We can represent "dice" as polynomials, with $x^n$ representing a face with $n$ dots.

The standard die is represented as

$x^6+x^5+x^4+x^3+x^2+x$

A coin with a side with one dot and a side with two dots is represented as

$x^2+x$

A die with 3 sides of 5 dots, 2 sides of 4 dots and a side of 2 dots is represented as

$3x^5+2x^4+x^2$

When we multiply two dice, we get a representation of all possible sums of the two dice.

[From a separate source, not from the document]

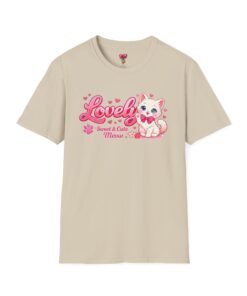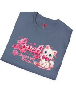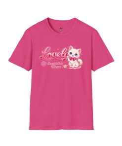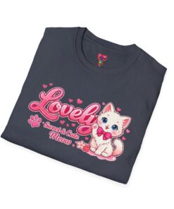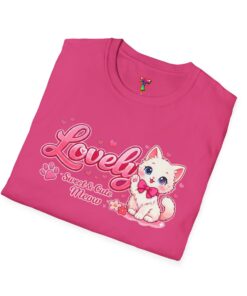 Soft, light, and whisper-smooth — this tee carries a playful, kawaii energy that feels like slipping into a cozy, sunlit morning with your favorite cat curled beside you. The front shows a sweet, pastel pink illustration of a wide-eyed kitten with a bow, framed by bubbly lettering and tiny hearts. Wear it when you want a gentle pop of charm: strolling through a weekend market, lounging with friends over tea, or layering under a cardigan for a relaxed, cute look. The breathable cotton and clean crew neckline keep the silhouette simple so the adorable graphic can sing. It’s for people who collect small joys and like their casual outfits to read cheerful and affectionate rather than loud.

$(x^6+x^5+x^4+x^3+x^2+x)^2 \\=x^{12}+2x^{11}+3x^{10}+4x^9+5x^8+6x^7+5x^6+4x^5+3x^4+2x^3+x^2$

So we need to find two other polynomials that multiply to this representation. As additional constraints, these must have all exponents $\ge 1$ and the sum of the constants must equal 6 for each polynomial (or else it would not represent a die). Notice that this "sum of constants" property is multiplicative.

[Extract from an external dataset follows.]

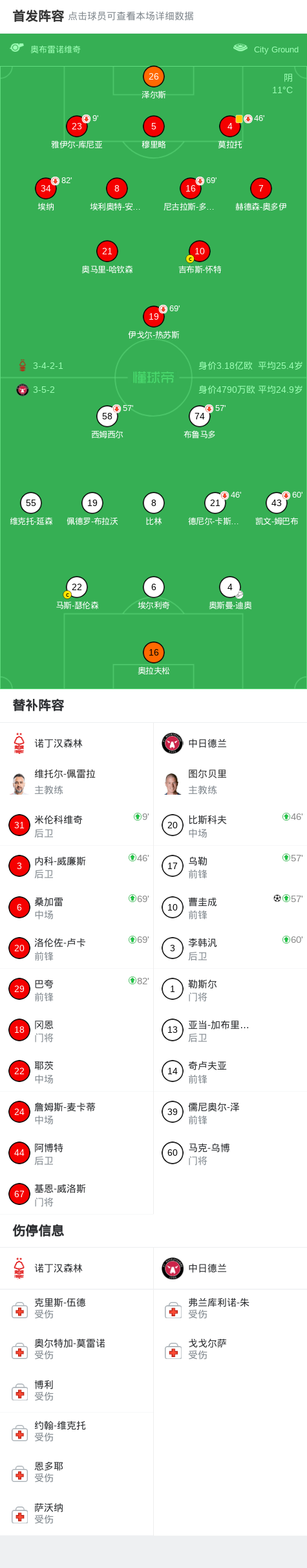 北京时间3月13日欧足联欧洲联赛 1/8决赛首回合,诺丁汉森林对阵中日德兰。中日德兰曹圭成破门。最终比分诺丁汉森林 01 中日德兰。

$(x^6+x^5+x^4+x^3+x^2+x)^2 =x^2(x+1)^2(x^2+x+1)^2(x^2-x+1)^2$

Now we need to decide how to divvy up these factors to make A and B, the two new dice.

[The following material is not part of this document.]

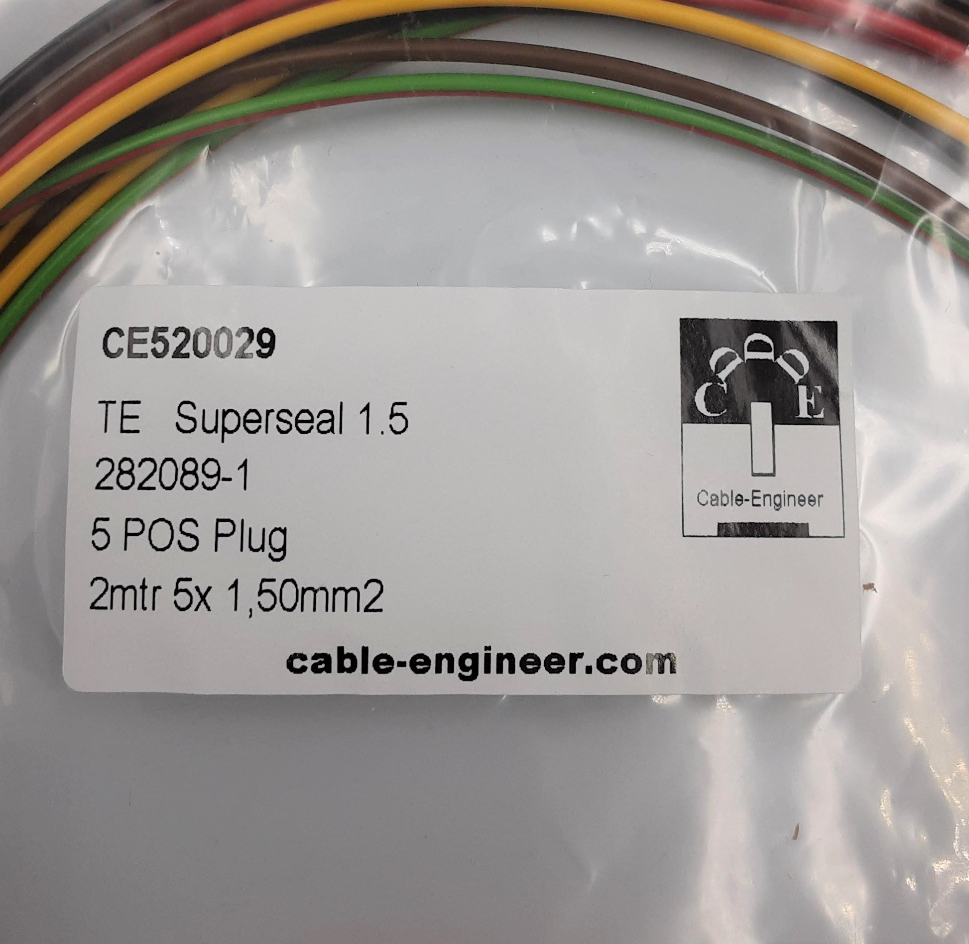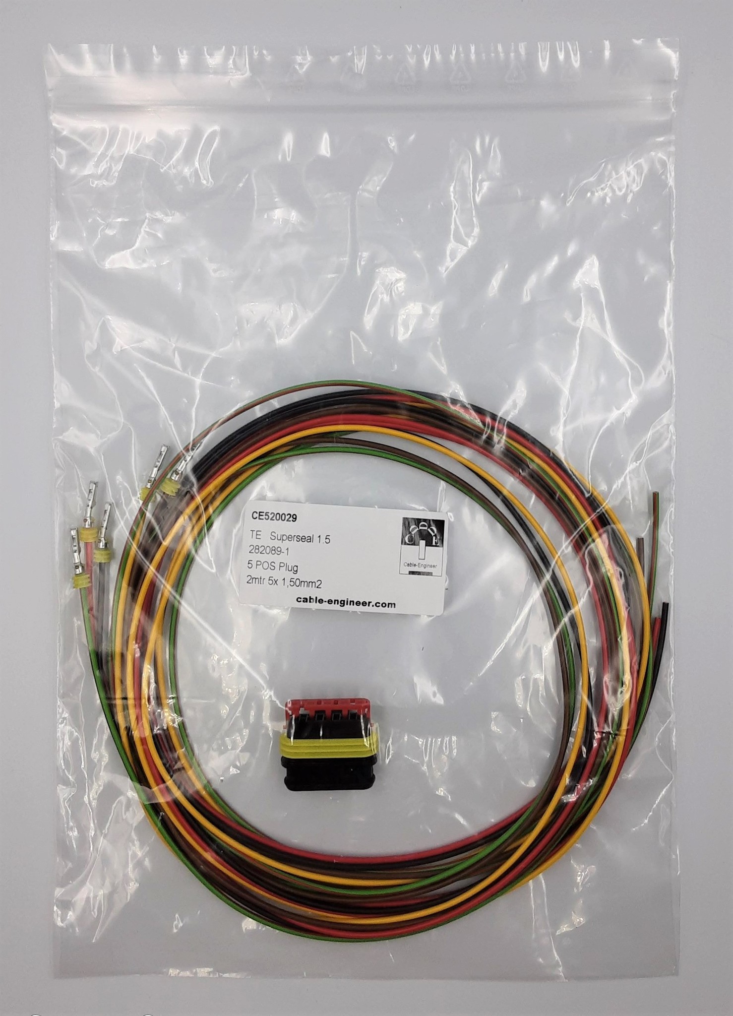 AMP Superseal 1.5 Pigtail-set met 5-Pos. Plug (man) connector + 5x 2m. FLRY-B - 1,5mm2

Let $S()$ denote the sum of constants.

$S(x)=1 \\S(x+1)=2 \\S(x^2+x+1)=3 \\S(x^2-x+1)=1$

Since each polynomial needs to make a 6, we are forced to give one copy of $(x+1)$ and one copy of $(x^2+x+1)$ to both A and B.

Since all faces must have at least one dot, we need to give one copy of $(x)$ to both A and B.

Nevertheless, we can change things up by giving both copies of $(x^2-x+1)$ to A.

Thus we have

$A=x(x+1)(x^2+x+1)(x^2-x+1)^2 \\=x^8+x^6+x^5+x^4+x^3+x$

$B=x(x+1)(x^2+x+1) \\=x^4+x^3+x^3+x^2+x^2+x$

So die A has faces 1,3,4,5,6,8 and die B has faces 1,2,2,3,3,4.

Plugging these into the given expression, we get 599.